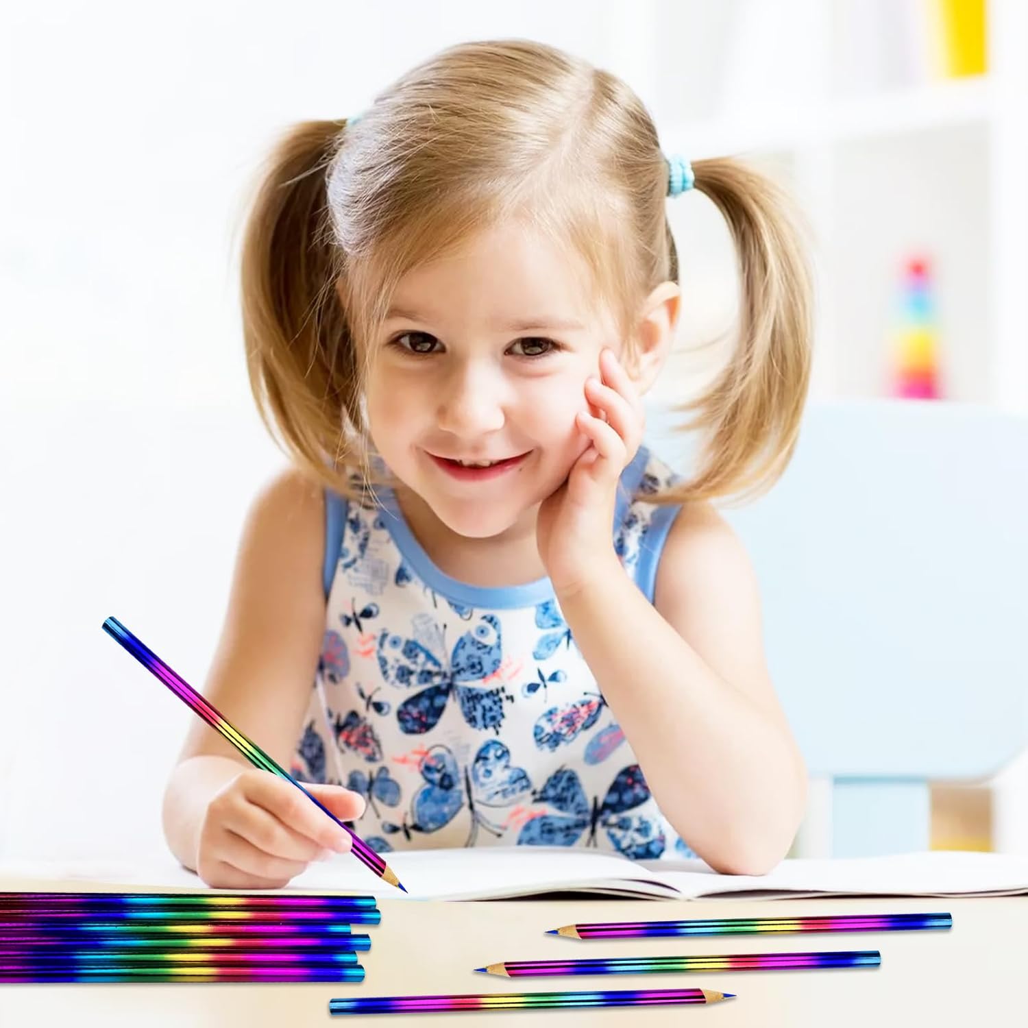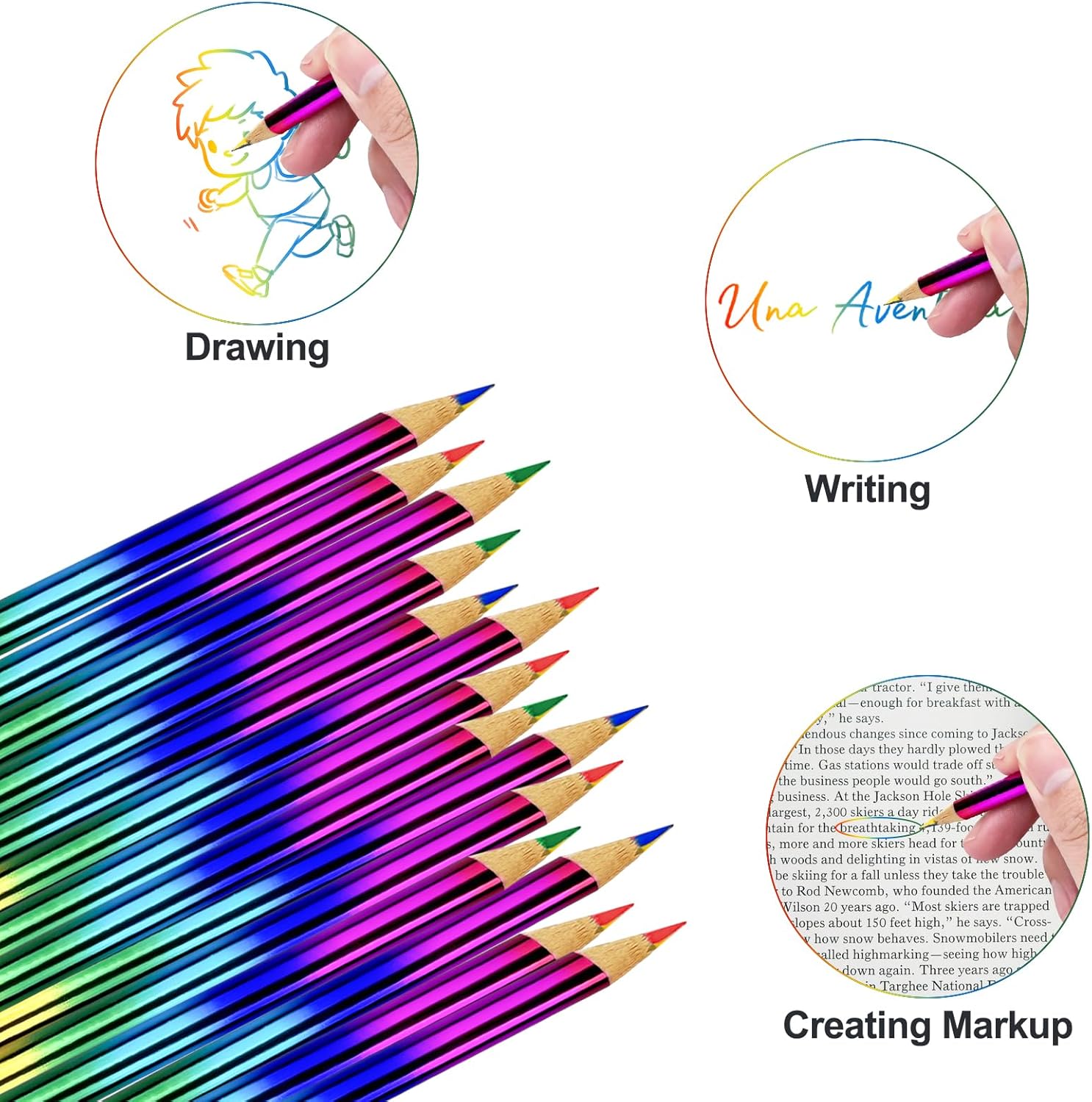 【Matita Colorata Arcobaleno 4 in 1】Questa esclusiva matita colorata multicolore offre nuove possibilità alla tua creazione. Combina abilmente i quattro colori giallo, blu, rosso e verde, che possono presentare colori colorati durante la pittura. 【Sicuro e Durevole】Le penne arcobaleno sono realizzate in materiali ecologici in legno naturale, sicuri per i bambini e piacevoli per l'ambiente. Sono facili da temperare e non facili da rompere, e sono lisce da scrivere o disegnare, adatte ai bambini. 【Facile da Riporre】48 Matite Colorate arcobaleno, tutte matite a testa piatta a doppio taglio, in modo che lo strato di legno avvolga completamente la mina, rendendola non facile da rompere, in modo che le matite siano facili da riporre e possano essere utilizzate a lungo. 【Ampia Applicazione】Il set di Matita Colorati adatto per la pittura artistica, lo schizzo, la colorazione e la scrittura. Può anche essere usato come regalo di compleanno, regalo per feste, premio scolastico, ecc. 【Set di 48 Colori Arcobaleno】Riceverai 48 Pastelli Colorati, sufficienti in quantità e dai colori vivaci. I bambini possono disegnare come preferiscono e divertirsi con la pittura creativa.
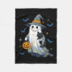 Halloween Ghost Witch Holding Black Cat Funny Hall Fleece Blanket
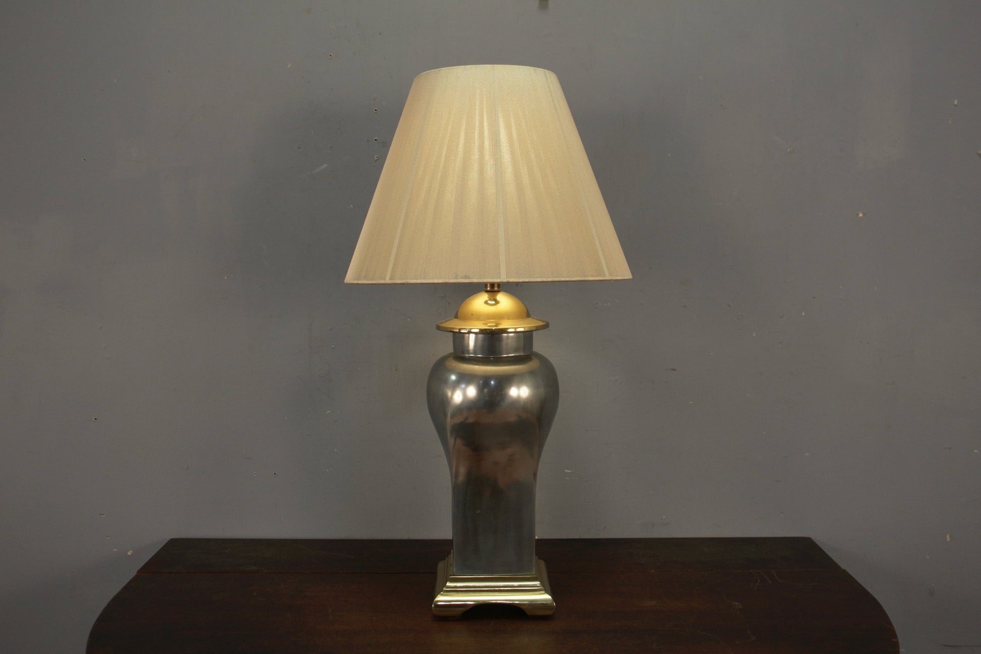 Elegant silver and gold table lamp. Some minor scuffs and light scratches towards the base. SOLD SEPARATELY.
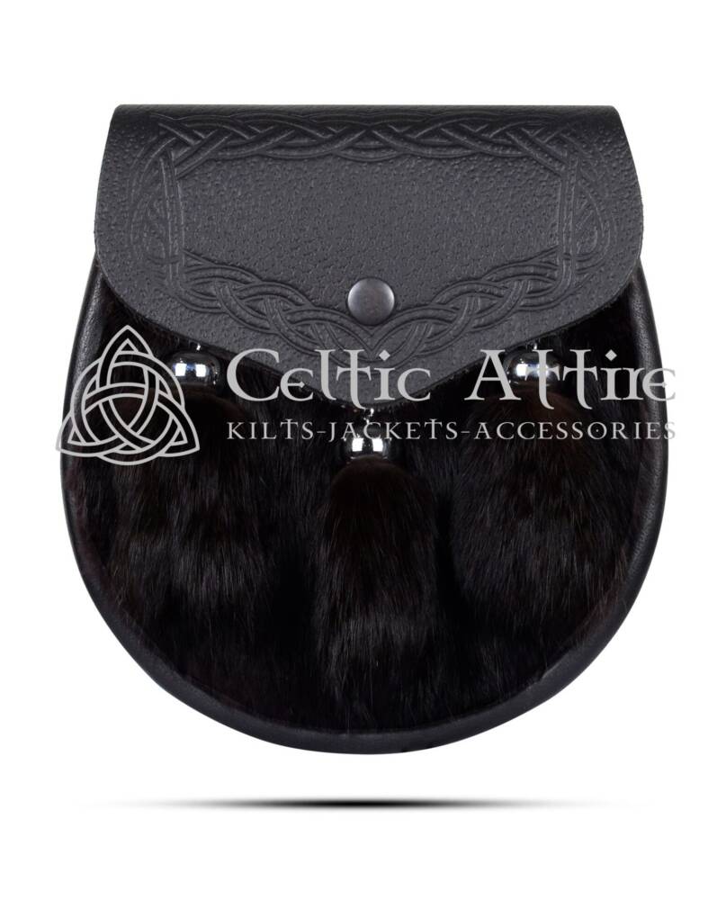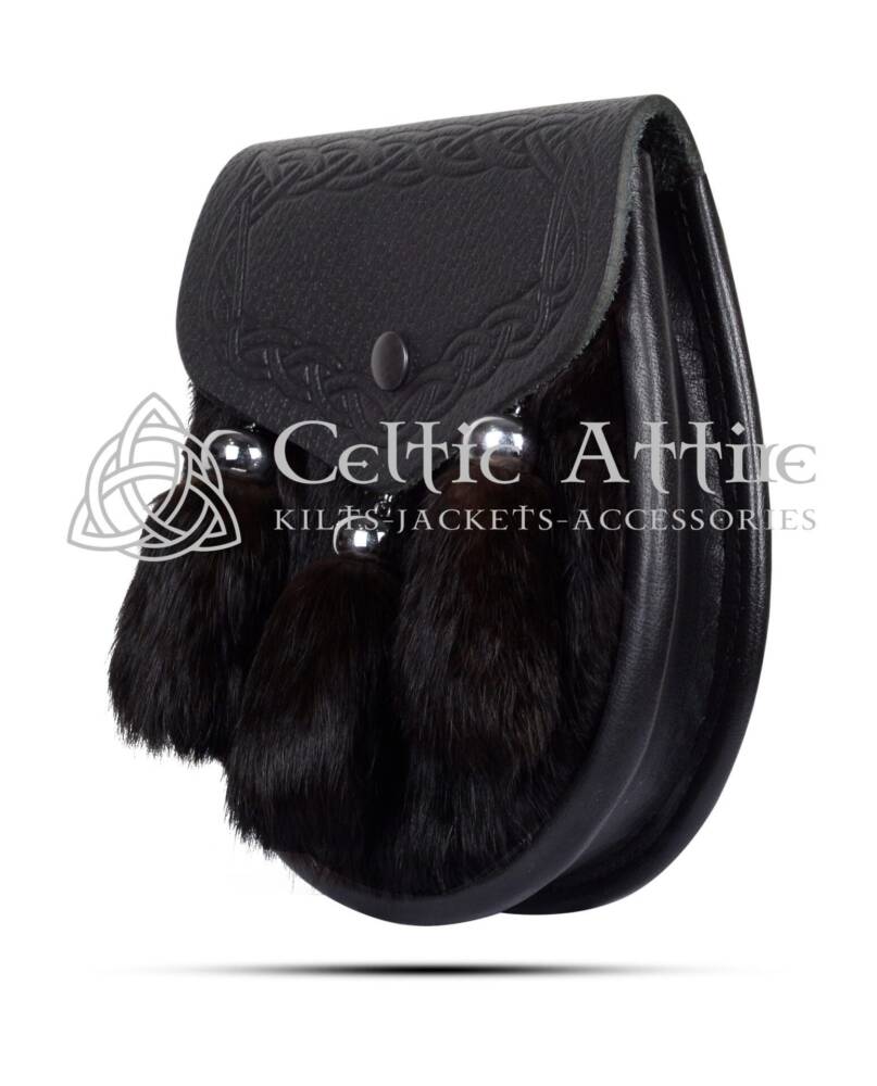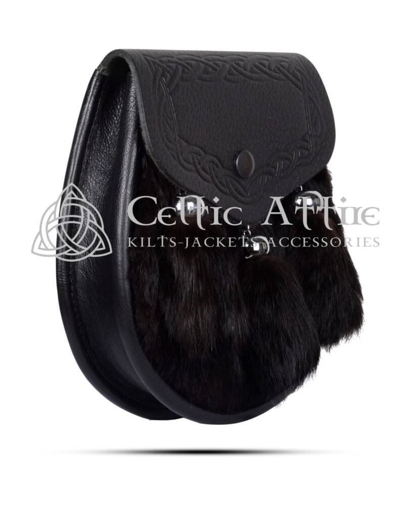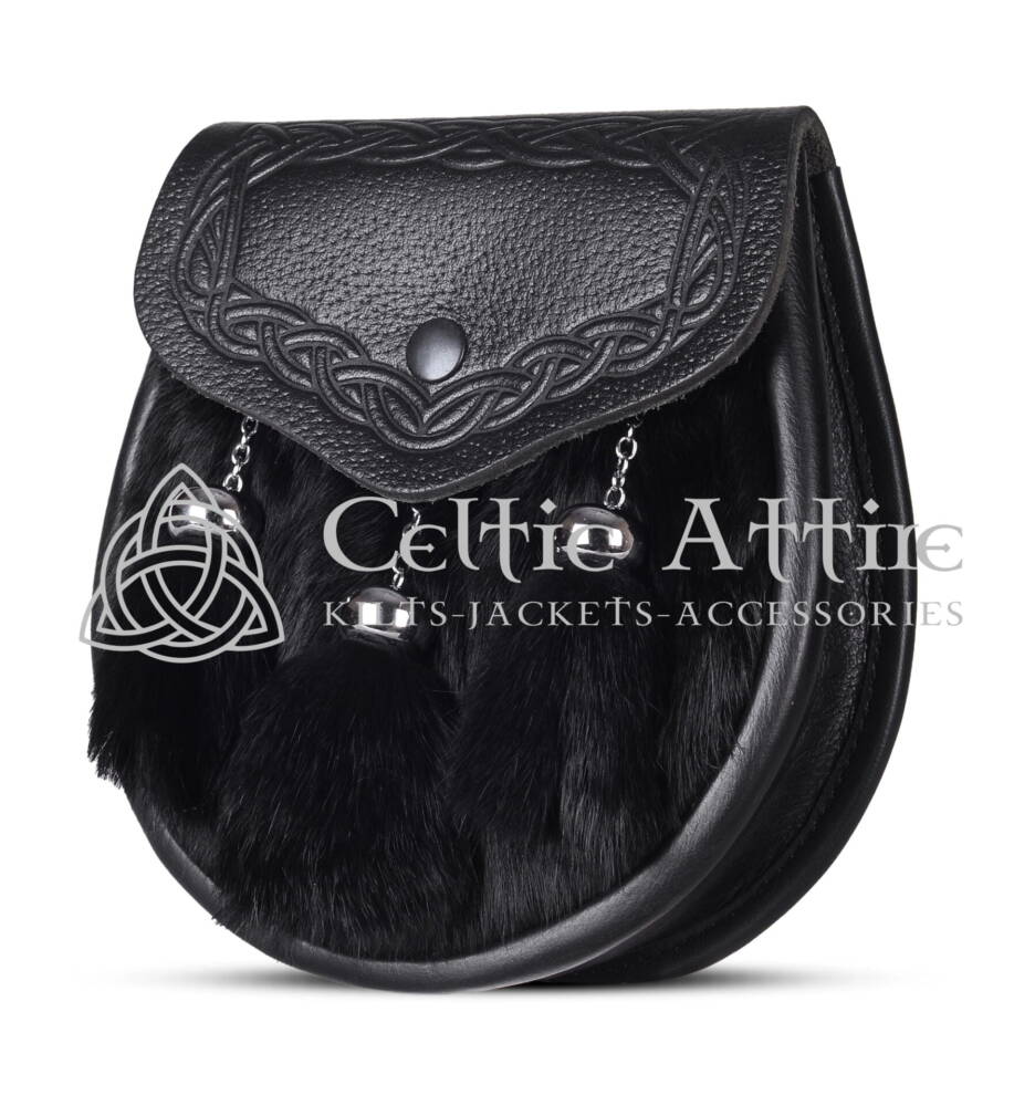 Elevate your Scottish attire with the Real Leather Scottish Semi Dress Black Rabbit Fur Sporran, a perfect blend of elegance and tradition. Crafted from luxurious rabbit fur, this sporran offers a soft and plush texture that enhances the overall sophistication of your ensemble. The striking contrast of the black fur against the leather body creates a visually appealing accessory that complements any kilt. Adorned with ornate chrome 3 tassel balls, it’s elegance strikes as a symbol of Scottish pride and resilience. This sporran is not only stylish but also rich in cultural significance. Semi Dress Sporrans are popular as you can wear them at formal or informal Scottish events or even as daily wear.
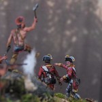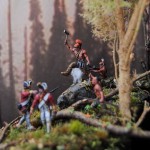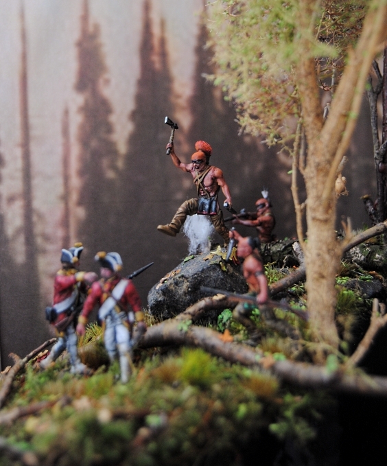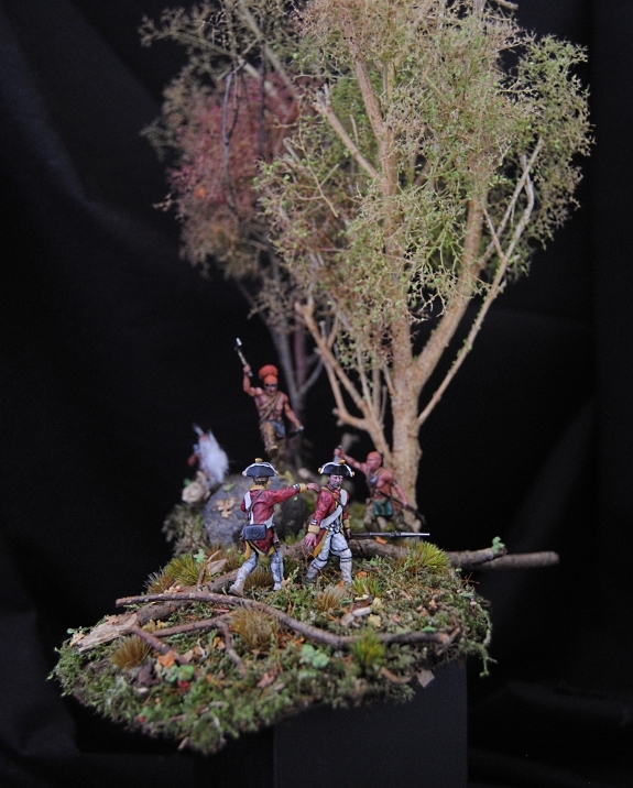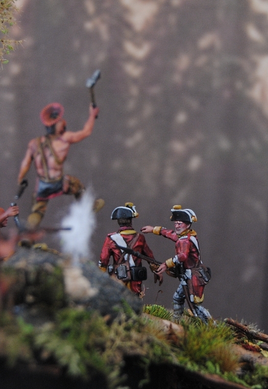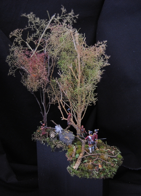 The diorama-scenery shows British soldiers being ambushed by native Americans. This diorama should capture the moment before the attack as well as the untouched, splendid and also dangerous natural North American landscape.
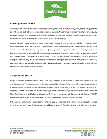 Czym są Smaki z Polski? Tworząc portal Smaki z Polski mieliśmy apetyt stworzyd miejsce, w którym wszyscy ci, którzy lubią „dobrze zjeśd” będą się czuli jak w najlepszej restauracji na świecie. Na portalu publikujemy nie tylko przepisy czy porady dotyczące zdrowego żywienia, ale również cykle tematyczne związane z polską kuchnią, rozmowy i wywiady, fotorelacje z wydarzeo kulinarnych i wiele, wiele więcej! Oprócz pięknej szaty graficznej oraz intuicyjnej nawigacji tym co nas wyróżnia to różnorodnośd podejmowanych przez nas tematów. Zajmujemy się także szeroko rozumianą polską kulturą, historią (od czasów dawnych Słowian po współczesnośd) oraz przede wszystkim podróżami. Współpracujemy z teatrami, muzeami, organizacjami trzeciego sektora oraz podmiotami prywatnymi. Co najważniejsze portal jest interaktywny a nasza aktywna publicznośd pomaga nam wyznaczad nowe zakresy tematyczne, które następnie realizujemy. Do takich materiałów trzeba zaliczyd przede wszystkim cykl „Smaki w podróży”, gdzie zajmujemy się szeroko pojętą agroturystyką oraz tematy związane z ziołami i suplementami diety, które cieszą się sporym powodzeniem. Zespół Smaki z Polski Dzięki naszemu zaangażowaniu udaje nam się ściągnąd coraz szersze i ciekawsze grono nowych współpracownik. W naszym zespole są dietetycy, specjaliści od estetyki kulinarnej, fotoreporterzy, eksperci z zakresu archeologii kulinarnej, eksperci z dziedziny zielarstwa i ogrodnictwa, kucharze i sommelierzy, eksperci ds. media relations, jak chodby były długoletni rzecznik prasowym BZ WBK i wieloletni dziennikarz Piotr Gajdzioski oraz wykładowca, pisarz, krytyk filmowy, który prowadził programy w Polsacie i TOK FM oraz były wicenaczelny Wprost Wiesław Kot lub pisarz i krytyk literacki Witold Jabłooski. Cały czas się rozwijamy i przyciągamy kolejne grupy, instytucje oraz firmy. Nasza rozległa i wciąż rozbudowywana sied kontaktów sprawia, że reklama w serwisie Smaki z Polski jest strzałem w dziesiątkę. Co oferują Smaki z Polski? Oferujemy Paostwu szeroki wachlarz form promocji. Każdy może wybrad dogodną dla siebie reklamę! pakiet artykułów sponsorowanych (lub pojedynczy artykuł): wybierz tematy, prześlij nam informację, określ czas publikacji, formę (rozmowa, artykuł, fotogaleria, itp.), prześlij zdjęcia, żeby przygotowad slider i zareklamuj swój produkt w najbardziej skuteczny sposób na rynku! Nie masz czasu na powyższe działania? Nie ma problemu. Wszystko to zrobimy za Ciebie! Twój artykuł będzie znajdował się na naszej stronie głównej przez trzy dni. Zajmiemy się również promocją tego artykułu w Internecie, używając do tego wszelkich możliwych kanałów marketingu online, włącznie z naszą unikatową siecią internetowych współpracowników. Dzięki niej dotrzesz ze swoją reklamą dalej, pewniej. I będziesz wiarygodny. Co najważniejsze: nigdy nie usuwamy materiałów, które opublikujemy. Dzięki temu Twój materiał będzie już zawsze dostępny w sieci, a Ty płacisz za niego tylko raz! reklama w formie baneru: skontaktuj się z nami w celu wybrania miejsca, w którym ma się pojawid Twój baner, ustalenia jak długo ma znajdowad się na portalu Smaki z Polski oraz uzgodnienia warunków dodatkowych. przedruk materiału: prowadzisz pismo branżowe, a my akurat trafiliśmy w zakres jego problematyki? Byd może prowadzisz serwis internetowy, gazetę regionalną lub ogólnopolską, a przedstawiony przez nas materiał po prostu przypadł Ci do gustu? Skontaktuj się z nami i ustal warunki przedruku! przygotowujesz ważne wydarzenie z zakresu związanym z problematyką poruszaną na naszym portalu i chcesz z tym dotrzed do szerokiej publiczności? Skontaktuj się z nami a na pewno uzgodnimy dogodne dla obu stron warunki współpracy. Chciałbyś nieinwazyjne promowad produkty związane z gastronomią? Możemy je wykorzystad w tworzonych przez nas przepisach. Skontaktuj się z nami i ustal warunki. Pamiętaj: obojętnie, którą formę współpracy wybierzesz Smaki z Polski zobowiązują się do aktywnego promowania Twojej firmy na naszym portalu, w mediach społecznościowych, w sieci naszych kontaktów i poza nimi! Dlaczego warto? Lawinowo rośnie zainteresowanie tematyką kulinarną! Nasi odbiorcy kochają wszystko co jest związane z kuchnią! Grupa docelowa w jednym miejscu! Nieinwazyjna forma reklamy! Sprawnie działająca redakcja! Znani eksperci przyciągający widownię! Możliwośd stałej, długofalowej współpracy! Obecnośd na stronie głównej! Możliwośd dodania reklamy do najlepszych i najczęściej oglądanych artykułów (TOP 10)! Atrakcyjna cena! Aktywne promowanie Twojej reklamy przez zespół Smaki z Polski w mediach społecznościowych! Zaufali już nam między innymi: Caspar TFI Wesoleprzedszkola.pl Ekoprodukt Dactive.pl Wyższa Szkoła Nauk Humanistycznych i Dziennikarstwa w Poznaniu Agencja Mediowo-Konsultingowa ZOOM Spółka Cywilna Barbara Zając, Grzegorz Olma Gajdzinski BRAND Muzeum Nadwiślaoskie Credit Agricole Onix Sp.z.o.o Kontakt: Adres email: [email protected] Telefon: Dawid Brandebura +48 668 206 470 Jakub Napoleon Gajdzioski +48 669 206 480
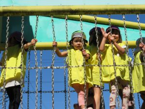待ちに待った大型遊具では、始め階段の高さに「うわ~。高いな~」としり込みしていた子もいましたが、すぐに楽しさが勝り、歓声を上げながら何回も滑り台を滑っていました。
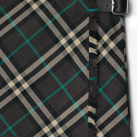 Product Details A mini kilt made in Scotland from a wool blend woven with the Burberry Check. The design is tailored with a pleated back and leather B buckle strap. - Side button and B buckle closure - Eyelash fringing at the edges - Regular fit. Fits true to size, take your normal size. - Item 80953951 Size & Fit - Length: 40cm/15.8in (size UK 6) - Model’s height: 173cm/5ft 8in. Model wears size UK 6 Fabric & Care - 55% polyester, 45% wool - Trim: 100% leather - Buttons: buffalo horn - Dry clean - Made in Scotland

----

### [WORK TO COMPLETE]
Pictures excluded, transcribe the listing above exactly from the line with "Halloween Ghost Witch" through the line with "The diorama-scenery shows", and no further.

### [TASK SOLUTION]
 Halloween Ghost Witch Holding Black Cat Funny Hall Fleece Blanket
 Elegant silver and gold table lamp. Some minor scuffs and light scratches towards the base. SOLD SEPARATELY.
 Elevate your Scottish attire with the Real Leather Scottish Semi Dress Black Rabbit Fur Sporran, a perfect blend of elegance and tradition. Crafted from luxurious rabbit fur, this sporran offers a soft and plush texture that enhances the overall sophistication of your ensemble. The striking contrast of the black fur against the leather body creates a visually appealing accessory that complements any kilt. Adorned with ornate chrome 3 tassel balls, it’s elegance strikes as a symbol of Scottish pride and resilience. This sporran is not only stylish but also rich in cultural significance. Semi Dress Sporrans are popular as you can wear them at formal or informal Scottish events or even as daily wear.
 The diorama-scenery shows British soldiers being ambushed by native Americans. This diorama should capture the moment before the attack as well as the untouched, splendid and also dangerous natural North American landscape.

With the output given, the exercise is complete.